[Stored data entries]
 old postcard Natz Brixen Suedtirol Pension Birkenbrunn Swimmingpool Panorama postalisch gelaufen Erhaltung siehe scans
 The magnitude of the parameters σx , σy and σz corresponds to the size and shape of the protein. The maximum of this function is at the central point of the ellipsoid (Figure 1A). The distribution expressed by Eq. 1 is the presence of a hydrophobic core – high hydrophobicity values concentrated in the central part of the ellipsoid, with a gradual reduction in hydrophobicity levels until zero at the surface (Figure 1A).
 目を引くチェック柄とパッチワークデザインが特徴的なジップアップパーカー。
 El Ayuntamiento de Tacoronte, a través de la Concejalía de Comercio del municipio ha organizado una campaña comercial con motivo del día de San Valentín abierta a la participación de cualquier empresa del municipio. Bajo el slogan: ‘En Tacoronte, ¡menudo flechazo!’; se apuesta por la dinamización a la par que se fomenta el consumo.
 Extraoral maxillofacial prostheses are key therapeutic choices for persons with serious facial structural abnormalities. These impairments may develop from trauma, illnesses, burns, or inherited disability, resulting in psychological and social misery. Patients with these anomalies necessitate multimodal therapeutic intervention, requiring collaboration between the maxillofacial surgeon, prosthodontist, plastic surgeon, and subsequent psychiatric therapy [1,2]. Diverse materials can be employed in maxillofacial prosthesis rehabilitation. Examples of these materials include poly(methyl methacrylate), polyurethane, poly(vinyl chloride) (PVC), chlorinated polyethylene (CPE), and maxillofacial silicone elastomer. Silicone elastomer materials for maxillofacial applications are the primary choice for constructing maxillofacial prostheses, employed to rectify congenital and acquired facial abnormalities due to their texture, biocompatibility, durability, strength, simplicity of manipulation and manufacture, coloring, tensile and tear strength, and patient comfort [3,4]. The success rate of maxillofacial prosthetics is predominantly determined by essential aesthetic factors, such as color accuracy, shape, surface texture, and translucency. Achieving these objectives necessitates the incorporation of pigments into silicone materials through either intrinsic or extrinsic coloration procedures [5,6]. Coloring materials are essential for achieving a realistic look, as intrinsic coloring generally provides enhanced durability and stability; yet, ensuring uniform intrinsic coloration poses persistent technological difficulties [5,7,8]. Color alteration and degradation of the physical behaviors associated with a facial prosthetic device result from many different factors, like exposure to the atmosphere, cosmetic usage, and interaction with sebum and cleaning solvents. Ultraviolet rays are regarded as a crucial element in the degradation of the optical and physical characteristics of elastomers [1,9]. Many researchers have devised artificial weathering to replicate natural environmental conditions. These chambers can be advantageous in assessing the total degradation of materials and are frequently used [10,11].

Directions for this task: Begin at the first line of the records above and quote every line verbatim through the one that contains "El Ayuntamiento de".

Completed task:
 old postcard Natz Brixen Suedtirol Pension Birkenbrunn Swimmingpool Panorama postalisch gelaufen Erhaltung siehe scans
 The magnitude of the parameters σx , σy and σz corresponds to the size and shape of the protein. The maximum of this function is at the central point of the ellipsoid (Figure 1A). The distribution expressed by Eq. 1 is the presence of a hydrophobic core – high hydrophobicity values concentrated in the central part of the ellipsoid, with a gradual reduction in hydrophobicity levels until zero at the surface (Figure 1A).
 目を引くチェック柄とパッチワークデザインが特徴的なジップアップパーカー。
 El Ayuntamiento de Tacoronte, a través de la Concejalía de Comercio del municipio ha organizado una campaña comercial con motivo del día de San Valentín abierta a la participación de cualquier empresa del municipio. Bajo el slogan: ‘En Tacoronte, ¡menudo flechazo!’; se apuesta por la dinamización a la par que se fomenta el consumo.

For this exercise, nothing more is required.